The control method of the present invention having such a configuration will be described with reference to the drawings described above.

First, after setting the static pressure through the static pressure setter 10, the static pressure controller C1 is used to control the static pressure using the bishop cone 3a.

When the stationary pressure is changed by the shear pressure of the generator, the differential pressure is set through the differential pressure setter 20 to stabilize the stationary pressure.

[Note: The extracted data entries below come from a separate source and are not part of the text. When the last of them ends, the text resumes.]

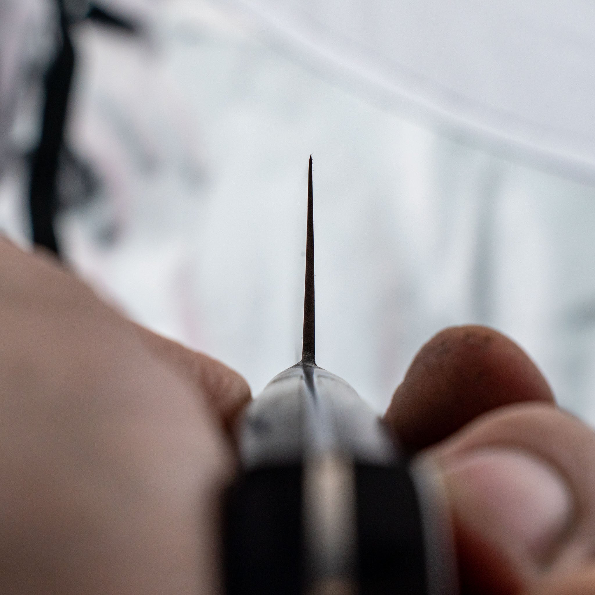 When the knife gradually becomes so dull that a definite sharpening is unavoidable, this is best done on a wet stone or a slow-moving sharpening machine. If you don't have the skills or the courage, drop it off with us and we'll take care of it.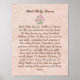 This christian poster has elegant pink roses and the catholic prayer Hail Holy Queen (the English translation of the Latin Salve Regina): Hail, Holy Queen, Mother of Mercy, our life, our sweetness and our hope. To thee do we cry, poor banished children of Eve. To thee do we send up our sighs, mourning and weeping in this valley of tears. Turn then, most gracious advocate, thine eyes of mercy towards us, and after this our exile, show unto us the blessed fruit of thy womb, Jesus. O clement, O loving, O sweet Virgin Mary. Pray for us, O Holy Mother of God, that we may be made worthy of the promises of Christ. Amen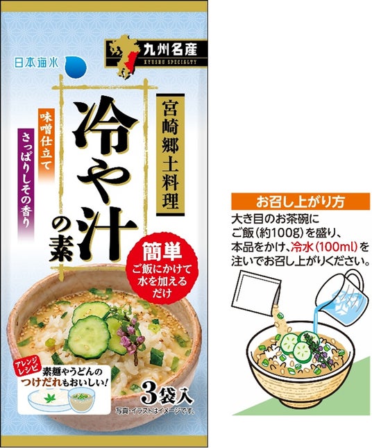 本品はご飯にかけて水を加えるだけで簡単に冷や汁ができあがります。味噌に煮干し・サバ節・ムロアジの出汁を加えた深い味わいにさっぱりとしたしその香りが、暑い日や食欲の落ちる夏場にぴったりの商品でございます。また1人前ずつの顆粒タイプで、持ち運びも便利です。うどんやそうめんのつけだれとしても使え、様々な場面でお楽しみいただけます。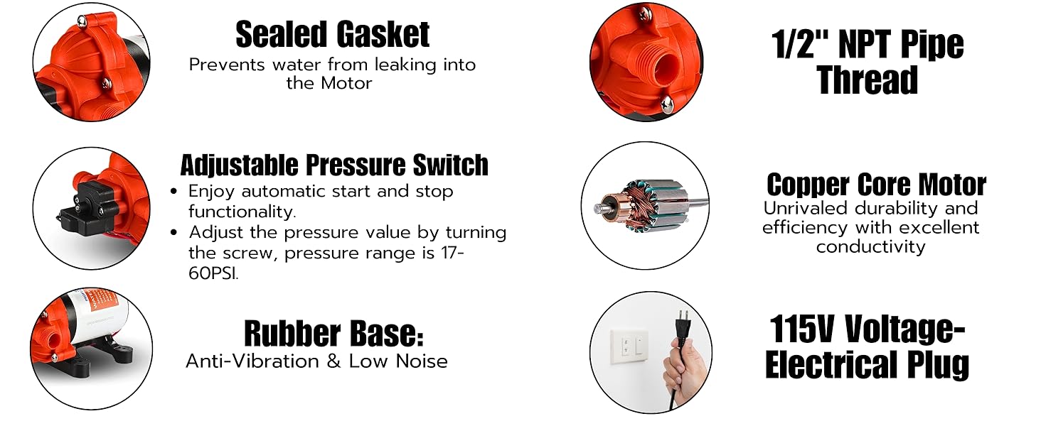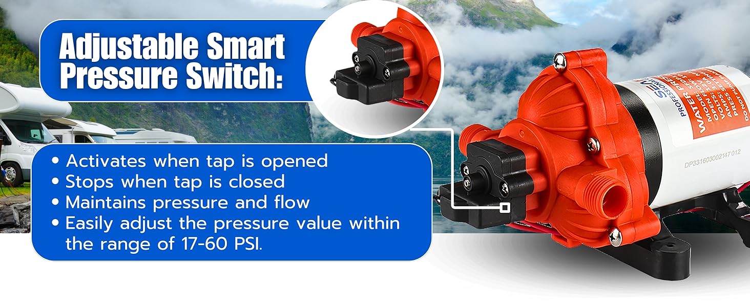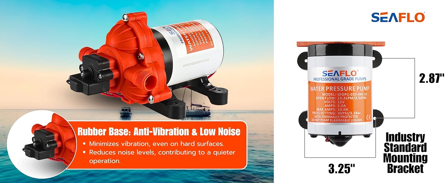 - Quiet Operation with Anti-Vibration Features: Noise reduction is a key consideration in the design of the SEAFLO 33-Series pump. The pump operates quietly, comparable to an indoor electric fan, making it ideal for use in close quarters such as RVs and boats. The semi-rigid rubber mounting base minimizes vibrations, further reducing noise and preventing damage to the pump and surrounding structures. This feature ensures a peaceful and comfortable environment, whether you're relaxing on your boat or camping in your RV.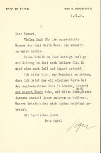 FREUD SIGMUND (1856-1939) L.S. «Sigm», Wien 4 juin 1924, à son neveu Edward; 1 page in-8 dactylographiée à son en-tête Prof. Dr. Freud; en allemand. Il le remercie de l'envoi de numéros des Bnai Brith News, mis dans ses archives. Puis il fait...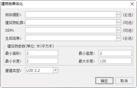 - 【建筑物模型】:输入建筑物单体化中生成的白膜体要素;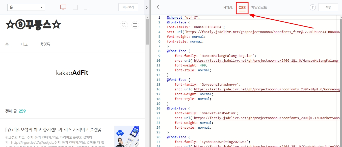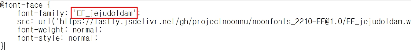↑↑ 위 이미지에서 EF_jejudoldam 이 폰트명입니다.. 이걸 사용하라는 겁니다. 그러면 다 된 거죠...메모장 내용을 복사해서 css에 넣어주고 저장.. 본인 블로그 확인해 보시면 본문 폰트체가 바뀌었을 겁니다.

The preset pressure through the shear pressure input unit 30 of the generator, that is, constant After setting the shear pressure to be maintained, the shear pressure controller (C2) is controlled so that the shear pressure is kept constant.

To this end, a shear pressure signal transmitter 3b for detecting a change in shear pressure and transmitting a signal to a front end of the generator is installed and connected to the shear pressure controller C2.

According to the detection result, the bypass control valve 5a and the turbine control valve 4c are appropriately opened and closed so that the shear pressure is always kept at a predetermined value.

At this time, the shear pressure controller C2 maintains the shear pressure at a constant set pressure by adjusting the opening amount of the valves 5a and 4c according to the changed differential pressure value since the set differential pressure is changed according to the change of the stationary pressure. It becomes possible.

If the shear signal rises substantially due to an abnormality in the shear pressure signal transmitter 3b, the detection signal is input at a value less than the differential pressure and the valves 5a and 4c are closed to reach the target value. When the top pressure rises sharply, for example, 0.33 kg / cm ^{2 or} more than the set shear pressure, the monitoring shear pressure transmitter 32 immediately operates to signal the interlock transmitter 40 to immediately open the bypass valve 5. Opening directly to prevents rapid rise of the stationary and shear pressures.

As described in detail above, the present invention is a shear set while maintaining the shear pressure constant irrespective of the fluctuation of the stationary pressure, unlike the conventional control that the shear pressure is stabilized by varying the shear pressure corresponding to the fluctuation of the stationary pressure The differential pressure fluctuations of the pressure and the nominal pressure are controlled by the respective valves, thereby removing the corresponding differential pressure, thereby making it possible to stabilize not only the static pressure but also the shear pressure.

Claims (1)

Setting the shear pressure to be maintained in connection with the differential pressure signal generator 22 in the shear pressure controller C2 when the initial static pressure is set in the stall pressure setter 10; The shear pressure controller C2 communicates with the shear pressure signal transmitter 3b to detect a change in the shear pressure, and bypass the differential pressure which is the difference between the fluctuation range of the stationary pressure and the set shear pressure according to the change of the bypass control valve 5a. And controlling the opening and closing control of the turbine control valve 4c to maintain the shear pressure at a set value. When the shear pressure rises during the adjustment process, the furnace comprising the step of controlling the interlock transmitter 40 through the monitoring shear pressure transmitter 32 to open the bypass valve 5 directly. How to control the stationary pressure in a constant pressure generator.